In any case, I was mostly just arguing that the idea that “language is meaningless, bombs kill people” is somewhere between ignorant and naive.
It's pretty hard to argue with that last sentence, but I think your armchair analysis of language used outside of your realm of experience is leading to you to take unecessary offense.
"Soft targets" include people, yes, but the term generally refers to any unhardended, unarmored, or unprotected thing.
"Neutralize" encompasses any kind of condition that removes a soldier from the battlefield, including death, injury, debilitating trauma, etc.
"Collateral damage" is similarly broad. It's any shit you didn't mean to fuck up.
No doubt these terms are used euphemistically at times. But I also can't, off the top of my head, think of any others that could directly replace them accurately and concisely, while also satisfying the demands of folks who lack the experience (or the desire perhaps) to understand their utility in context.
This is, honestly, quite ridiculous in context. It might be true that, say, someone launching an ICBM might be shielded from the horror of the violence with clinical terms. When you are in urban ground combat it's not as if you say "hmm, it makes it feel better if I think of it as only shooting the building!" You are perfectly fine with killing because YOU'RE BEING SHOT AT and you're afraid you're going to die.

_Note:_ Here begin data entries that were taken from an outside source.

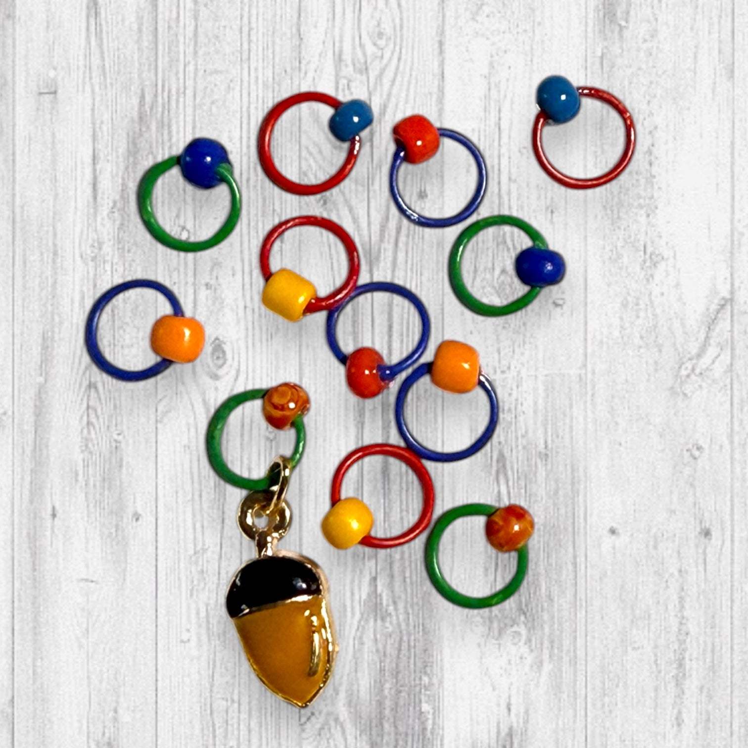 Set of 12 stitch markers featuring iron-coated rings in sage green, navy blue and red carry shiny beads of red, orange, yellow, country blue, and navy blue, as well as speckled orange.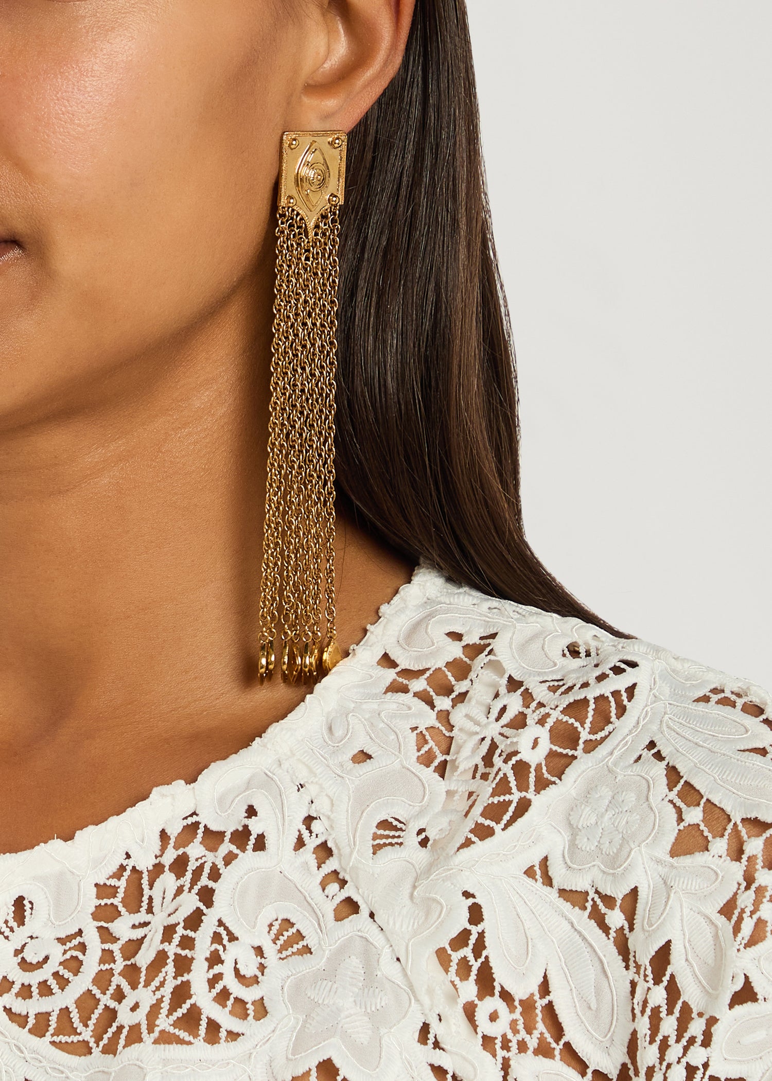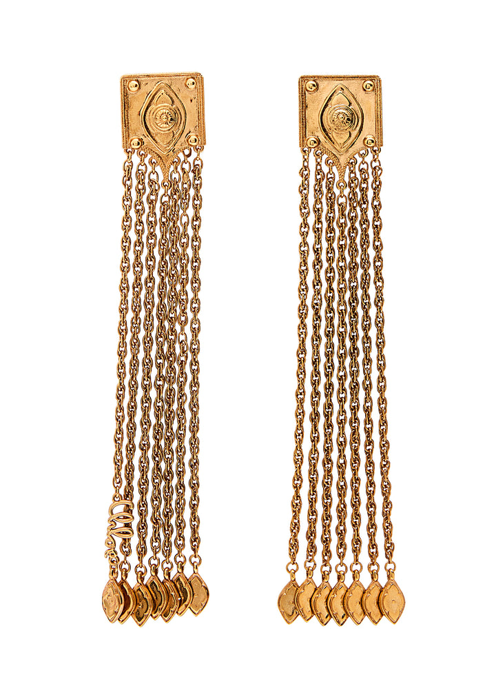 These The Chloé Amulet drop earrings by Chloé are a bold and dynamic statement. The engraved stud is complemented by a dramatic fringe of delicate chains and charming embellishments. These earrings are a powerful accessory, perfect for adding a touch of confident, high-fashion flair and a sense of effortless movement to your look.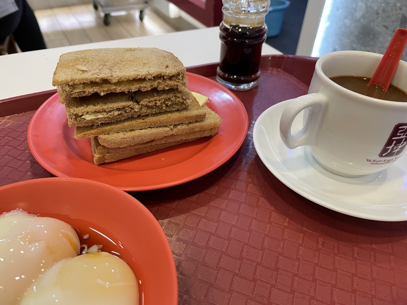 1944年創業のカヤトーストの名店、Ya Kun Kaya Toast。筆者はカヤトーストバターセット(6.30シンガポールドル)を注文しました。温泉卵ほどのトロトロの卵に醤油をかけ、カヤトーストにつけてもおいしかったです。コーヒーはシンガポールコーヒーのコピで練乳入りなので、少し甘め。独特なコーヒーの味でサクサクのトーストと合いました。シンガポール内に70店舗以上ありますので、見つけたら、ぜひ味わってみてください。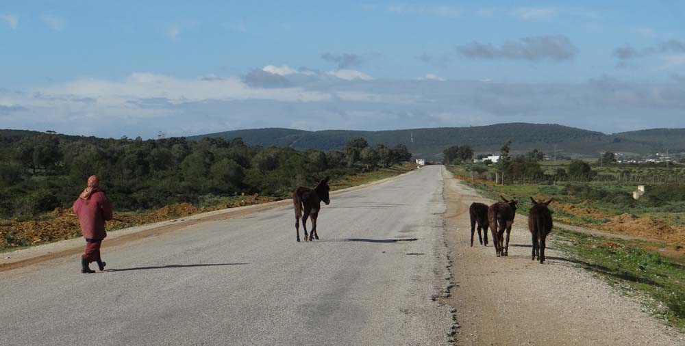 These donkeys had been naughty, popping over to the other side of the road. The lady chased them back, before turning to smile and wave to Ju.

The correct criticism, if you're looking for one, is that Soldiers and Marines learn to put on a facade of ultraviolent aggression so as to not confront the reality, and as a result they lose perspective and maybe go too far in some cases, and that's what you need to watch for (I was a platoon leader in Iraq)
This is simply how military tactics and strategy are talked about in an academic sense. It might be weird to think that Military Science is an academic discipline when you're not used to talking about war all the time, but when you're at West Point you take these classes and this is the tone. It's because you're not going to stop every 5 minutes to reflect on those who died in combat -- that would be kind of crazy, and there are plenty of other contexts where the moral and ethical issues of war and combat are discussed in great depth.
To make an analogy, your comment would be like my reading a Computer Science paper about something technical and then commenting: "why is this person writing about technology in such technical terms? Is it because they don't want to confront the negative consequences of technology on our political and social fabric? Don't they care about the privacy issues?" It's kind of just a way to say that you wish they were talking about what YOU want to talk about.
It's not a euphemism. It's an accurate description of what matters. I would have chosen "collapse the building" or "level the building", despite being undisturbed by the death. The writer isn't about to distract from the topic at hand by going off on an opinionated tangent about death.
It’s an unfortunate symptom of our times that we need to spell out every argument in minute detail, lest someone will do a bad-faith hack job willfully misunderstanding it.
That purpose is to hide the brutality of war, from either the writer, or the reader.
In either case, allowing to hide the brutality makes it arguably more palatable to commit it (writer) or legitimize it (reader), and therefore contributes to it.
I can’t put numbers on this, obviously, because nobody can. But just denying the argument with a sort of its-not-guns-that-kill-it’s-people-argument is intellectually dishonest.